[PATCH v0 00/71] perf: Add support for Intel Processor Trace

From: Alexander Shishkin
Date: Wed Dec 11 2013 - 07:37:48 EST


Hi,

This patchset adds support for Intel Processor Trace (PT) extension [1] of
Intel Architecture that allows the capture of information about software
execution flow, to the perf kernel and userspace infrastructure. We
provide an abstraction for it called "itrace" for "instruction
trace" ([2]).

The single most notable thing is that while PT outputs trace data in a
compressed binary format, it will still generate hundreds of megabytes
of trace data per second per core. Decoding this binary stream takes
2-3 orders of magnitude the cpu time that it takes to generate
it. These considerations make it impossible to carry out decoding in
kernel space. Therefore, the trace data is exported to userspace as a
zero-copy mapping that userspace can collect and store for later
decoding. To that end, perf is extended to support an additional ring
buffer per event, which will export the trace data. This ring buffer
is mapped from the event's file descriptor with a special "magic"
offset.
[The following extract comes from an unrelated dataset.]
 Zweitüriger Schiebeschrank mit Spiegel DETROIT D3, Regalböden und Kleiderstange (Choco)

This ring buffer has its own user page with data_head and
data_tail (in case the buffer is mapped writable) pointers used as
read/write pointers in the buffer.

This way we get a normal perf data stream that provides sideband
information that is required to decode the trace data, such as MMAPs,
COMMs etc, plus the actual trace in a separate buffer.
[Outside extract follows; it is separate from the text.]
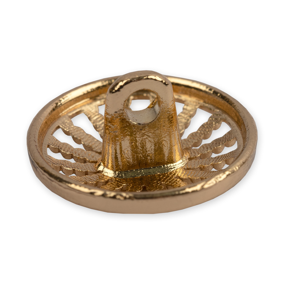 Металлические пуговицы ТМ "BLITZ", артикул: MB 0255, на ножке, круглой формы, диаметром 15 мм. С рельефным покрытием. Используются при пошиве рубашек, блузок.

If the trace buffer is mapped writable, the driver will stop tracing
when it fills up (data_head approaches data_tail), till data is read,
data_tail pointer is moved forward and an ioctl() is issued to
re-enable tracing. If the trace buffer is mapped read only, the
tracing will continue, overwriting older data, so that the buffer
always contains the most recent data. Tracing can be stopped with an
ioctl() and restarted once the data is collected.

Another use case is annotating samples of other perf events: if you
set PERF_SAMPLE_ITRACE, attr.itrace_sample_size bytes of trace will be
included in each event's sample.

Also, itrace data can be included in process core dumps, which can be
enabled with a new rlimit -- RLIMIT_ITRACE.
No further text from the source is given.